He Says, She Says

A dead-end romance

By Chico, Delamar & Gino
March 5, 2013, 2:04pm

DEAR CHICO, DELAMAR, AND GINO... I am 36 years old, with two kids and separated for three years now.

My younger brother's best friend, JB, has always been close to the family. We always introduce JB as our illegitimate brother as he is always present and part of every family occasion.

I have to admit that I’ve always had a crush on him, and I learned from my sister-in-law that he has a crush on me too since high school. He is already married, but it’s been on the rocks because he got caught having an affair with another woman.

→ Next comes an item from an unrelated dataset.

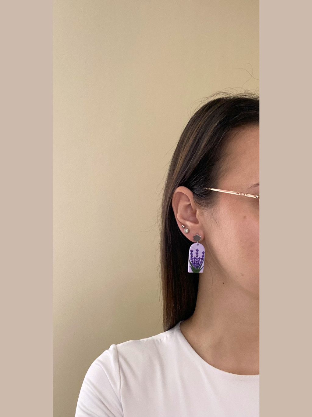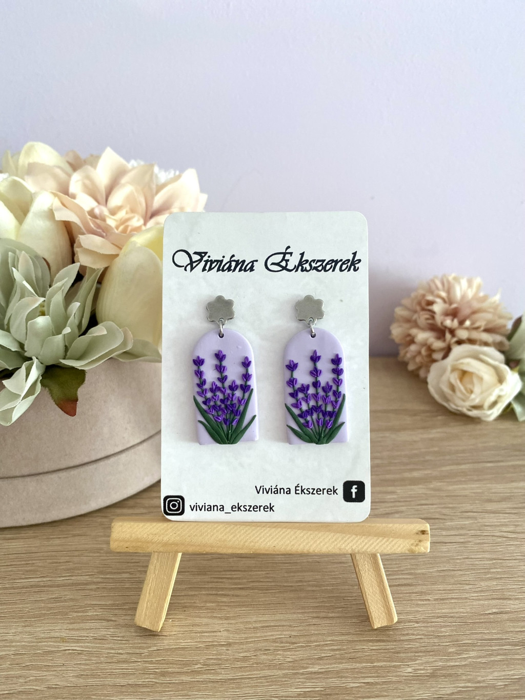 RÁHEL - Lila, levendula mintás fülbevaló ezüst színű szerelékekkel

We’ve already kissed twice. But both times, we were drinking. There are times that we would look at each other’s eyes as if we have a deeper understanding of something. He told me that he loves me, and I may be gullible to believe him. I like him but I also know that this is wrong.

He has been around for so long. I know I love him as the JB who has been part of our lives. I want us to spend times like we used to. I don’t want to avoid him. But I can’t deny that I look forward to our stolen moments. -Jennifer

CHICO SAYS... The only thing that’s technically wrong in this equation is that he’s still married. Never mind that his marriage is on the rocks, he’s still married. To say that you can pounce when their marriage is in trouble, is like saying you can bury alive a person who is gravely ill. The whole thing about him being your “little brother” is just a label you attached to him, it means nothing, really. If you guys really love each other, one being the younger brother's best friend is a minor bump to hurdle over. But that isn’t really the problem.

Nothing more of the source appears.